AGRICULTURE EN AFRIQUE : Nouakchott au cœur des stratégies pour des systèmes alimentaires résilients

Réunis depuis le 13 avril 2026 à Nouakchott, les représentants de plusieurs pays africains prennent part à la 34e Conférence régionale de l’Organisation des Nations Unies pour l’alimentation et l’agriculture (ARC 34). Cette rencontre de haut niveau, prévue sur cinq jours, s’inscrit dans une dynamique de transformation des systèmes agricoles et alimentaires du continent.
Placée sous le thème « Assurer une transformation durable des systèmes agricoles et alimentaires en Afrique », la conférence vise à accélérer les réformes nécessaires pour rendre les systèmes agroalimentaires plus résilients, durables et capables de garantir la sécurité alimentaire. Dans un contexte marqué par les effets du changement climatique, la hausse des coûts de l’énergie et des intrants, ainsi que les chocs économiques successifs, les participants entendent poser les bases de réponses adaptées aux défis actuels.
Pour Mohamedou Ahmedou M’Haimid, la modernisation de la production agricole, le renforcement des partenariats public-privé et les investissements dans les chaînes de valeur constituent des priorités. Selon lui, cette rencontre doit aboutir à une déclaration ministérielle forte, orientée vers le développement des communautés agricoles et la consolidation de la souveraineté alimentaire sur le continent.

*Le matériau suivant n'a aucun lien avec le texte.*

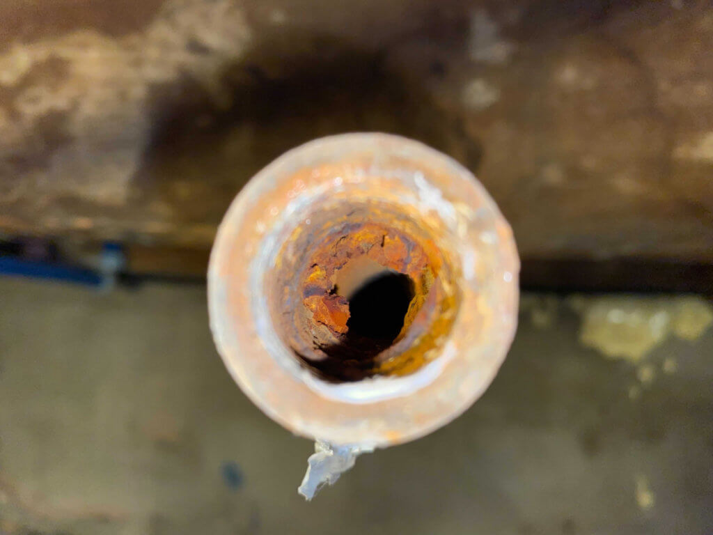While we see this issue at home inspections often, it is less common to see an actual leak because the pipe tends to rust the leak closed.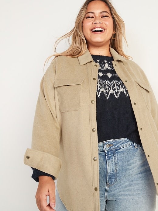 This plus-size option is essentially your classic camel winter coat in shacket form. This universal hue will get lots of wear and pair with virtually any outfit.
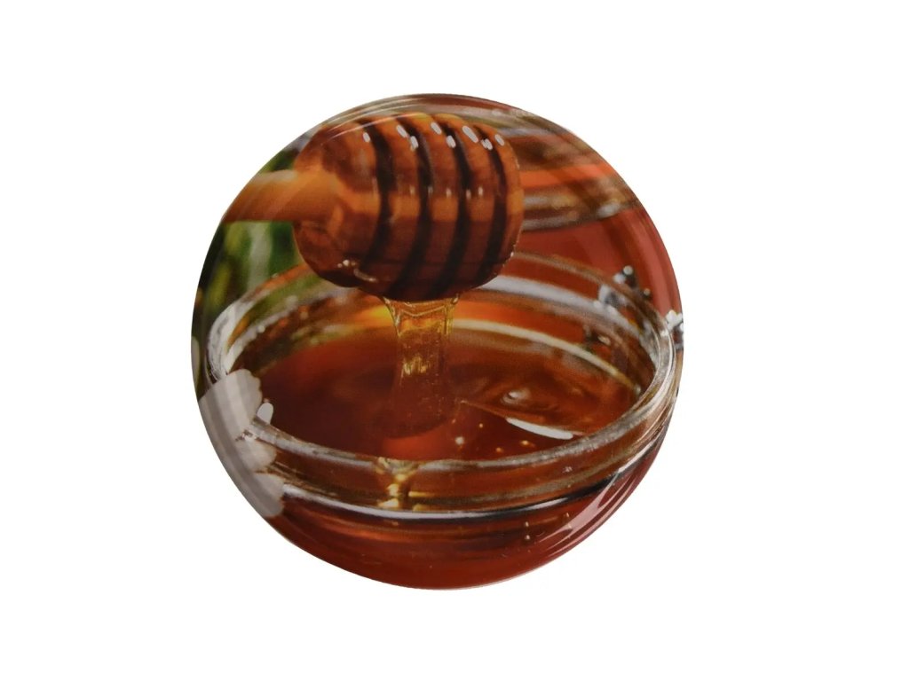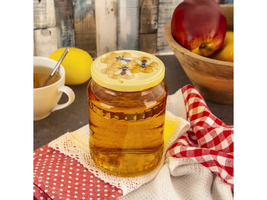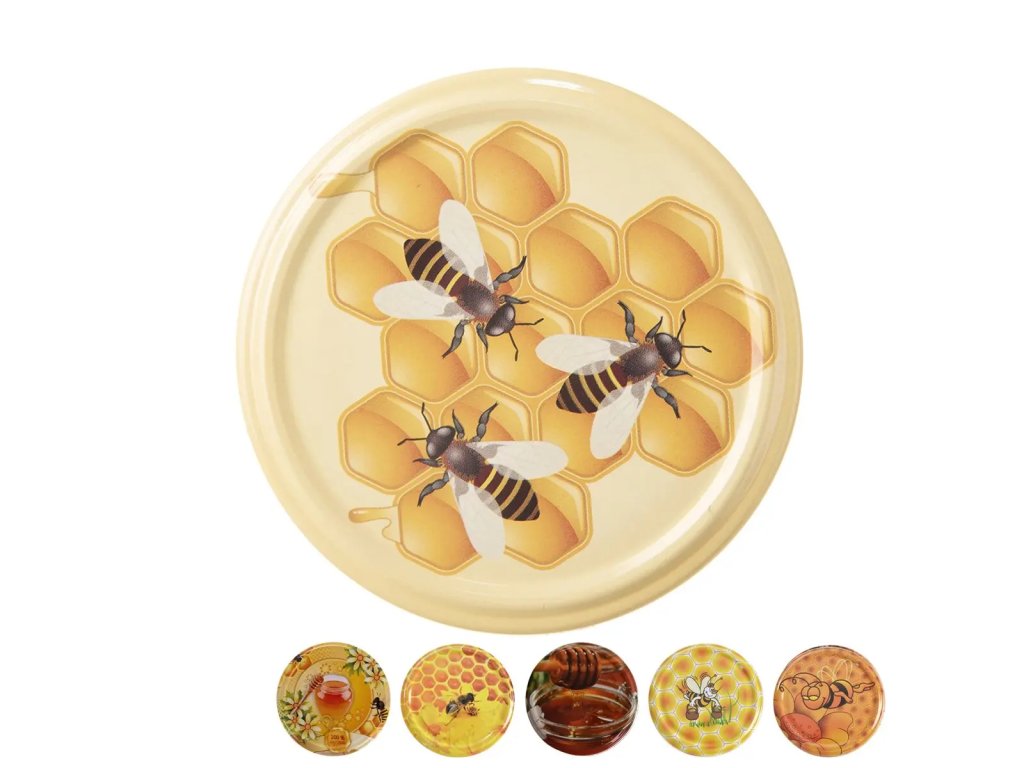 Súprava 10 kovových zaváracích viečok pr. 8,2 cm s medovým dekorom určených na poháre so závitom. Možno použiť viackrát. Dodávaný dekor závisí od aktuálnych skladových zásob (bez možnosti výberu).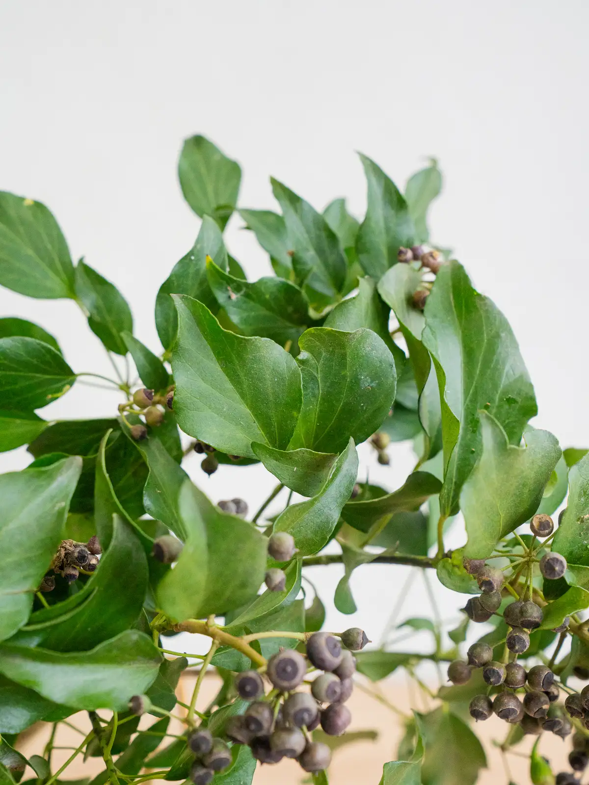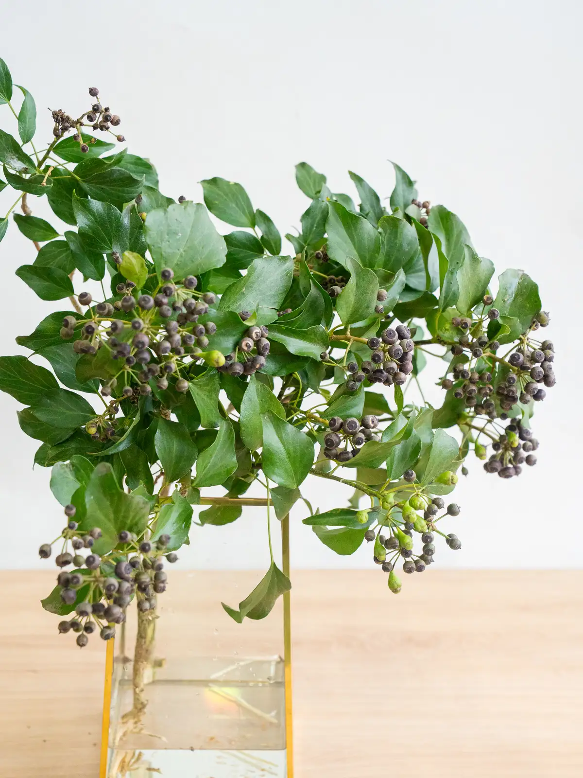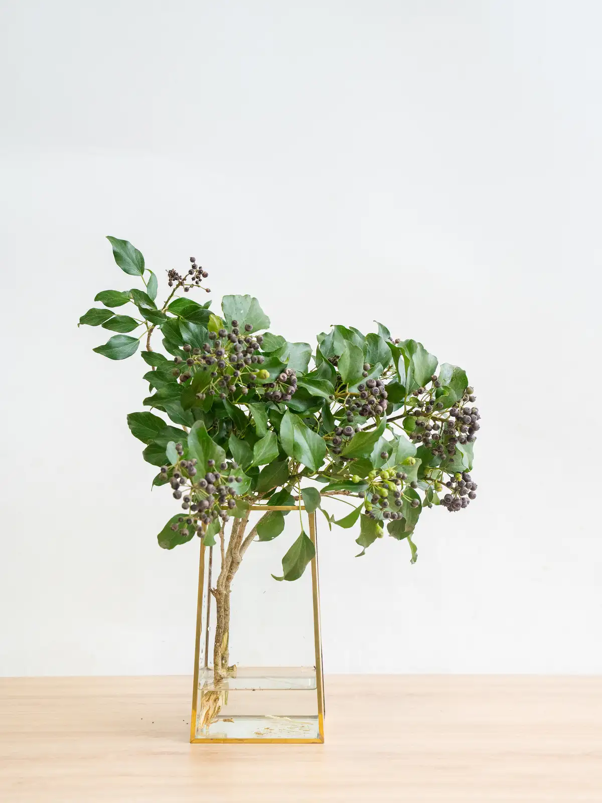 小さな黒い実がまとまって付く実物素材。粒の光沢と深い色合いが特徴で、シックなアクセントになります。

En amont des travaux, Abebe Haile-Gabriel a souligné la vulnérabilité persistante des systèmes agroalimentaires africains, fragilisés par les conflits, les dérèglements climatiques et les crises économiques. Il a appelé à une coopération renforcée entre États africains, à des investissements coordonnés et à un engagement politique soutenu afin de bâtir des systèmes capables d’absorber les chocs sans aggraver l’insécurité alimentaire.
Les discussions ont également porté sur la mise en œuvre de la « Déclaration de Kampala », adoptée dans le cadre du Programme détaillé pour le développement de l’agriculture africaine (CAADP). Cette feuille de route, qui couvre la période 2026-2035, ambitionne de transformer en profondeur les systèmes agroalimentaires du continent.
Elle prévoit notamment la mobilisation d’environ 100 milliards de dollars d’investissements, une augmentation de 45 % de la production agricole, le triplement du commerce intra-africain des produits agricoles et une réduction de moitié des pertes post-récolte d’ici à 2035. Autant d’objectifs qui traduisent l’urgence d’une action collective pour assurer une sécurité alimentaire durable en Afrique.